Bottom line is that my gut tells me there's a bit more self-examination going on here than meets the eye or is being admitted. The tread would have died a while ago if that were the case (out of site, out of mind) ;) At this point, just one week from being created, it's 4 pages longs and still going strong.

Positive thoughts

scaredpt
11-05-17, 21:02
Yeah but I literally CAN see it, and also I haven't had an ultrasound like the other posters, none of the 3 doctors I saw referred me for one

Fishmanpa
11-05-17, 21:29
Yeah but

Ok... I get it. You have the dreaded "Yeah But" disease. Hope you find some peace from your anxiety SPT.

Positive thoughts

Thelegend27
12-05-17, 03:24
I was talking about previous times, I did touch my node for a second tonight and it still feels the same, it's been nearly 8 months since I discovered them and idk how long before that they were palpable so if it was anything serious like the big c then surely by now something would have happened to give me a sign that there is something more to these nodes. So all I can do is move forward because my doctor already denied me a biopsy.

Thelegend27
14-05-17, 17:51
Well today makes 11 days since I decided not to touch my nodes, ive done great i gently touched them twice, while writing this i took a feel just to update you, one of the nodes is almost not even palpable, another 2 seem very tiny now, and one seems the same.

But during this time of recovery i managed to find something else to worry about, but this time it may really be absurd, right where the collarbone joins the sternum theres a lumpy tendon bone or muscle and although i have it on both sides of the chest (symmetrical) ive still been rubbing the heck out of it, its silly i know but my mind needs something to worry about i guess.

Thelegend27
19-05-17, 03:30
Yesterday marked my 2 weeks, in case someone out there is reading this, not much has changed, the nodes seems less palpable but still the same size.
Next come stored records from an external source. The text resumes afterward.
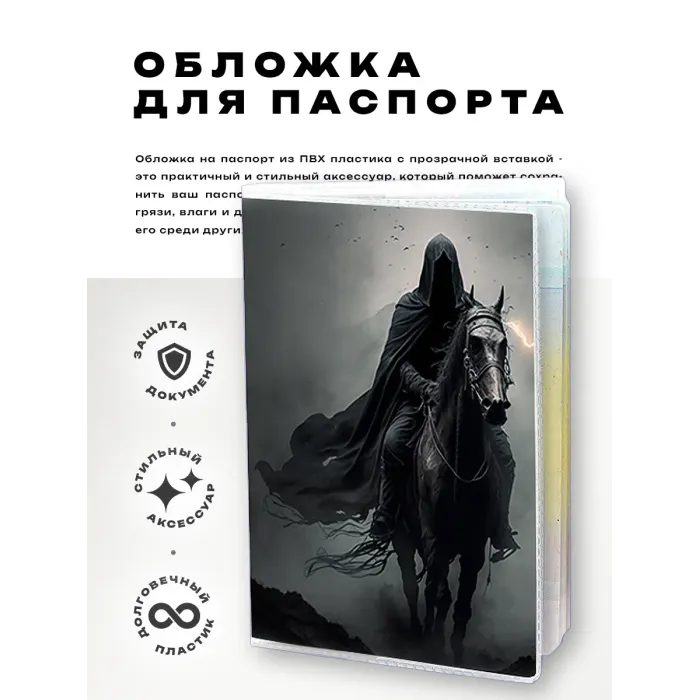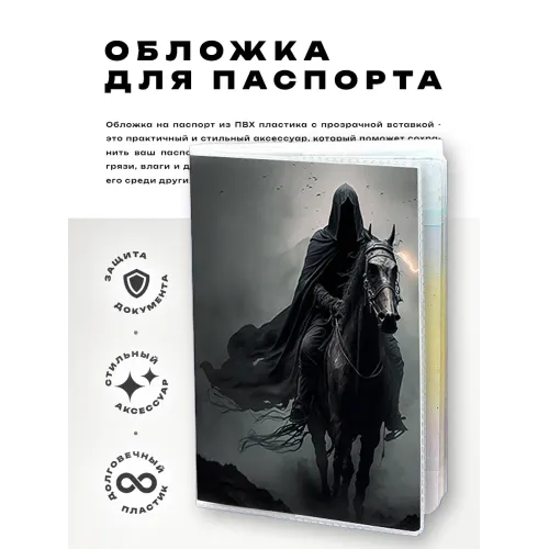 Обложка для паспорта из прозрачного ПВХ пластика с полиграфической вставкой с изображением всадника.
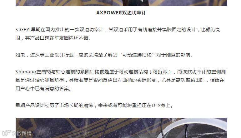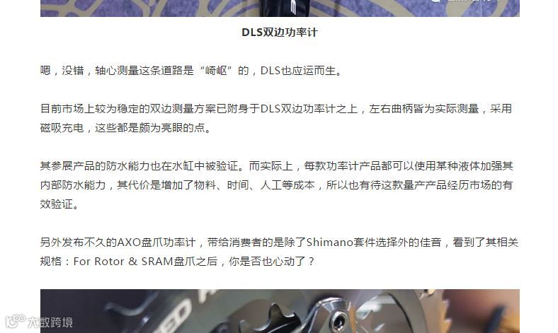 作者下文中对DLS和AXO功率计的介绍也有类似错误或者臆测问题,比如说轴心之路“崎岖”才有了DLS,使用某种液体加强防水所以增加了成本,AXO盘爪是发布不久的产品,AXPOWER续航参数错误等,我们就不一一列举回复了。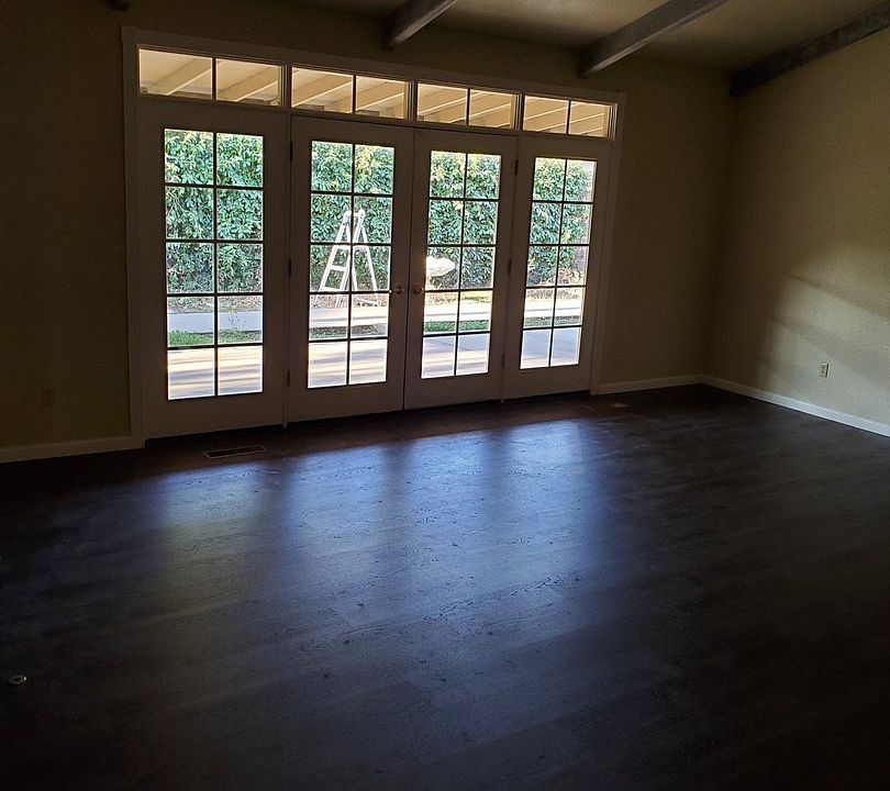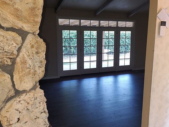Discover this exceptional Modesto home featuring 3 bedrooms and 2.5 bathrooms, complete with a 2-car garage including two remote openers. The interior is designed for comfort and style with LVP wood flooring and tile throughout most rooms, accented by contemporary two-tone paint. The living room boasts a dramatic rock wall surrounding a gas fireplace, vaulted ceilings, and elegant French doors. A second set of French doors opens to the formal dining room, which features a built-in china cabinet and additional storage.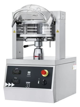 Prasa do pizzy marki Prismafood, przeznaczona do wałkowania ciasta na pizzę o maksymalnej średnicy 45 cm. Urządzenie posiada niezależne ustawienia temperatury roboczej tarczy górnej i dolnej. Maksymalna gramatura ciasta przed rozwałkowaniem powinna wynosić 600-650 gram. Płyty wałkujące wykonane ze stali chromowanej. Maksymalny rozstaw płyt wynosi 110-115 mm. Regulacja grubości placka ustawiana za pomocą dźwigni. Ruchoma osłona z przodu urządzenia zapewnia bezpieczeństwo podczas pracy z urządzeniem. Urządzenie posiada też regulację czasu prasowania ciasta. Maksymalna temperatura podgrzania talerzy wynosi 170°C.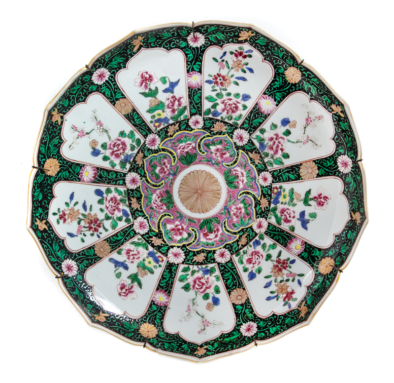 having a scalloped rim and nine shaped panels, each enclosing floral decoration in various colored enamels.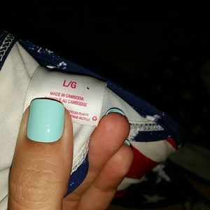 Cute flag bikini with 2 bottom options! One is a little higher waisted and is a size medium the other is a traditional bikini bottom and is size large! The top is an awesome push up padded top and is also size large! Only worn about 4 times last summer around the 4th! Great condition!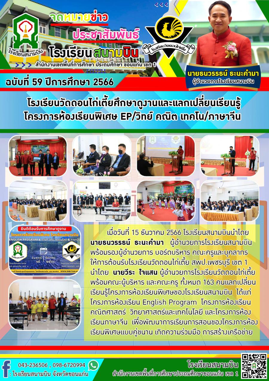 โรงเรียนวัดดอนไก่เตี้ยศึกษาดูงานและแลกเปลี่ยนเรียนรู้ โครงการห้องเรียนพิเศษ EP/วิทย์ คณิต เทคโน/ภาษาจีน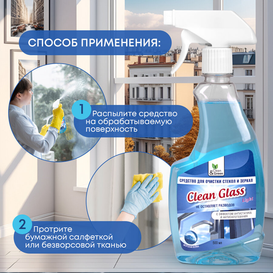 Средство для очистки стекол и зеркал Морская волна (триггер) 500 мл Clean&Green CG8137 интересное:
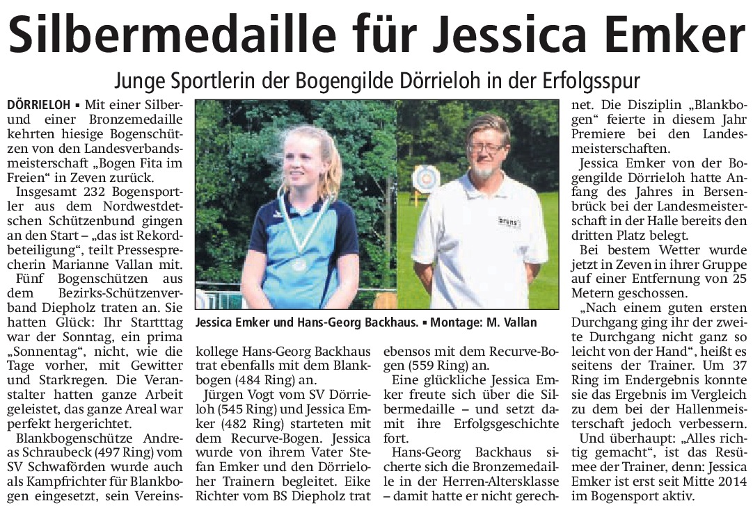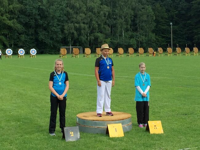 Nach der Siegerehrung: eine super glückliche Jessika Emker mit ihrer SILBERMEDAILLE. Hans-Georg Backhaus hat zudem noch eine BRONZEMEDAILLE mit dem Blankbogen in der Herren-Altersklasse errungen, ja auf dem Treppchen zu stehen war schon bemerkenswert, denn es war die Premiere Disziplin Blankbogen, die bisher nicht auf Landesmeisterschaften in der WA-Runde vertreten war.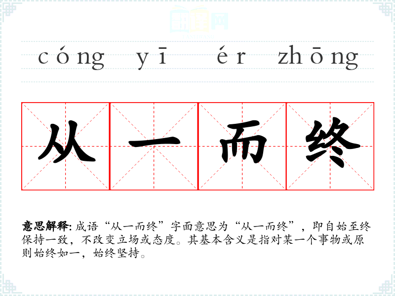 成语“从一而终”字面意思为“从一而终”,即自始至终保持一致,不改变立场或态度。其基本含义是指对某一个事物或原则始终如一,始终坚持。

As for the anxiety, it has eased up a lot, though I do still think about it. I also catch myself thinking about future events and wondering to myself will I be around to see those moments. But that's the anxiety talking.

Over these past 2 weeks I've come to realize, the more you pay attention to your obsessions the more anxiety you get, so the key to beating these obsessions is to put it out of your head for long enough until it just doesn't bother you at all anymore.

It's a lot easier said than done, but it is definitely possible.

I've searched the internet for answers, I've filled you guys in more than a few times on my situation, and I guess it's because I didn't know how to deal with it, because after all I was denied a biopsy so I felt like I didn't have anymore options.

snowghost57
19-05-17, 04:02
Yesterday marked my 2 weeks, in case someone out there is reading this, not much has changed, the nodes seems less palpable but still the same size. As for the anxiety, it has eased up a lot, though I do still think about it. I also catch myself thinking about future events and wondering to myself will I be around to see those moments. But that's the anxiety talking.

Over these past 2 weeks I've come to realize, the more you pay attention to your obsessions the more anxiety you get, so the key to beating these obsessions is to put it out of your head for long enough until it just doesn't bother you at all anymore.

It's a lot easier said than done, but it is definitely possible.

I've searched the internet for answers, I've filled you guys in more than a few times on my situation, and I guess it's because I didn't know how to deal with it, because after all I was denied a biopsy so I felt like I didn't have anymore options.

You are absolutely right! The more we focus on our obsessions the worse our anxiety gets! I used to have the "what if" syndrome. I work on it every day, see my post on Stinking Thinking. Stay off the internet and Dr. Google. The doctor does not think you need a biopsy, please believe him, do you really want an unnecessary surgical procedure?

To be honest, I don't even know where my lymph nodes are! The more you irritate anything the larger it will get and that includes our anxious mind!